Fifteen Years Ago, a Bullet Felled CIA Agent Freddie Woodruff. Was It
the First Shot in a New Cold War With Russia?

TBILISI, Georgia -- On Aug. 8, 1993, a single bullet to the head
killed Freddie Woodruff, the Central Intelligence Agency's station
chief in Georgia. Within hours, police had a culprit -- a vodka-soaked
village bumpkin. A tidy explanation quickly followed: It was a tragic
accident.

U.S. diplomats hailed Georgia's swift work, and both countries
breathed a sigh of relief. A killing that threatened to disrupt a push
by Washington into former Soviet lands fell on the shoulders of a lone
drunk, Anzor Sharmaidze.

Convicted of murder and still in jail, Mr. Sharmaidze is now sick,
emaciated and angry. He says he was framed. "The government invented
this whole thing," he says, hunched on a wooden chair at the Ksani
Prison near Tbilisi. Haggard far beyond his 36 years, he wheezes and
protests his innocence: "I didn't kill the American."

The bullet that killed Mr. Woodruff, 15 years to the day before
Russia's recent military thrust into Georgia, was never found.
Evidence casting doubt on the official story wasn't presented at Mr.
Sharmaidze's trial. Key witnesses have now retracted their testimony,
saying they were beaten and forced to finger Mr. Sharmaidze.

If Mr. Sharmaidze didn't do it, though, who did? Those who don't buy
the official explanation suspect that the answer lies in the spy games
that played out on Russia's frontier following the 1991 collapse of
the Soviet Union. Mr. Woodruff was an early actor in a dangerous
drama. American spies were moving into newborn nations previously
dominated by Soviet intelligence. Russia's security apparatus,
resentful and demoralized, was in turmoil, its nominal loyalty to a
pro-Western course set by President Boris Yeltsin shredded by
hard-line spooks and generals who viewed the Americans as a menace.

Mr. Woodruff's Tbilisi was a den of intrigue. It had a big Russian
military base and was awash with former and not-so-former Soviet
agents. Shortly before Mr. Woodruff was shot, veteran CIA officer
Aldrich Ames -- who would soon be unmasked as a KGB mole -- visited
him on agency business.

Recent events show that, far from fading, the geopolitical struggles
in the Caucasus have only escalated. In August, Moscow's efforts to
reassert its influence under Vladimir Putin brought Russian tanks and
troops to within 20 miles of Tbilisi.

A handful of Americans, including Mr. Woodruff's sister and a dogged
Texas lawyer, remain determined to get to the bottom of Mr. Woodruff's
death. "I'm not crazy, but I'm very stubborn," said Houston attorney
Michael Pullara, during a recent trip to Tbilisi, his ninth.

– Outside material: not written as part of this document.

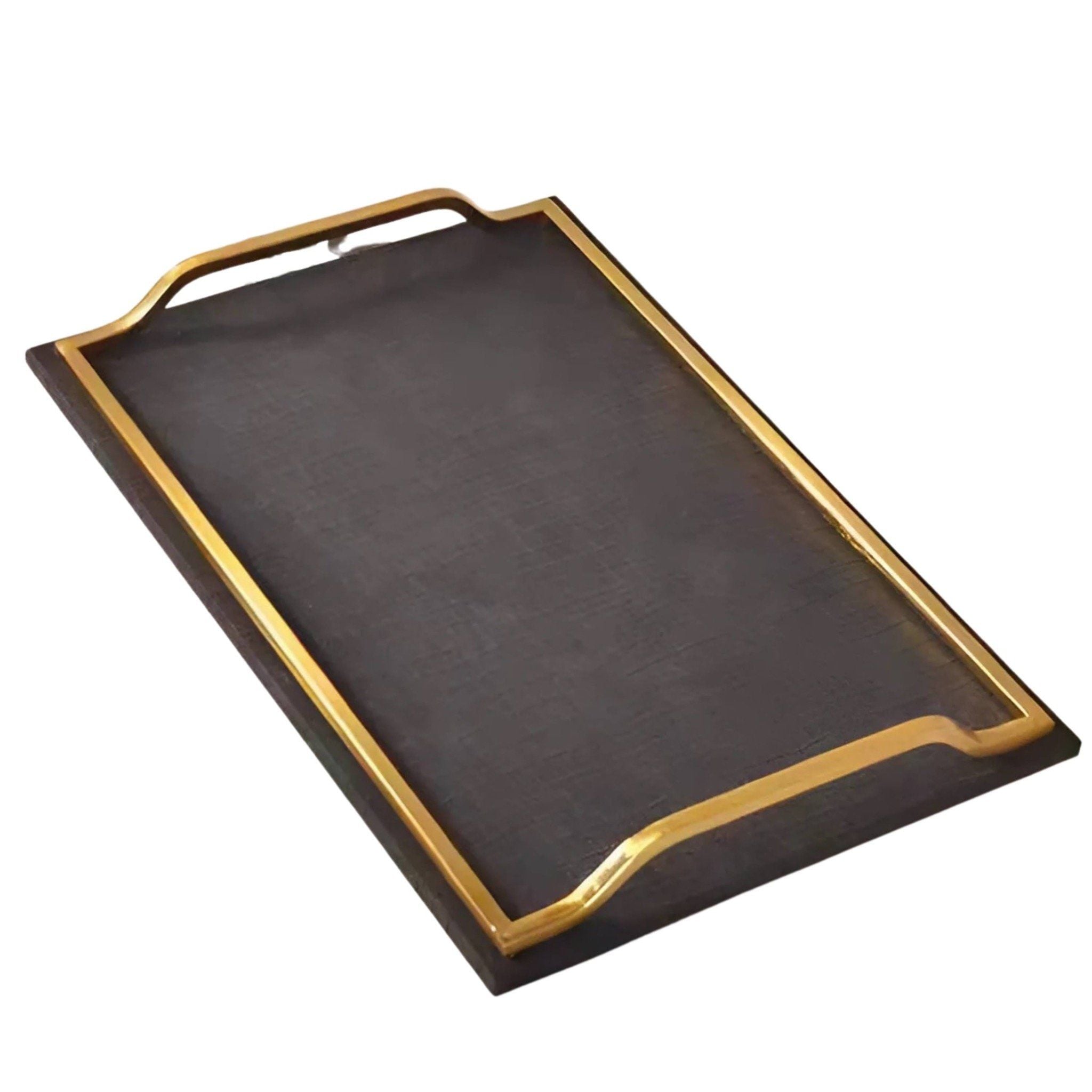 Khay Chữ Nhật Donald – Khay Decor Sang Trọng Tay Cầm Vàng – Da Đen Phủ Nhám – Trang Trí Bàn Sofa & Kệ Tủ Hiện Đại

Georgian authorities, prodded by Mr. Pullara, have re-interviewed
witnesses. The Federal Bureau of Investigation, which has sent a slew
of agents to Tbilisi over the years to dig into Mr. Woodruff's murder,
says its own investigation is still "pending" but declined to give
details.

James Woolsey, who as head of the CIA flew to Tbilisi to pick up Mr.
Woodruff's body, says he's skeptical of conspiracy theories about his
agent's death. But "in that part of the world," he notes, "it is
impossible to say anything is beyond the possible."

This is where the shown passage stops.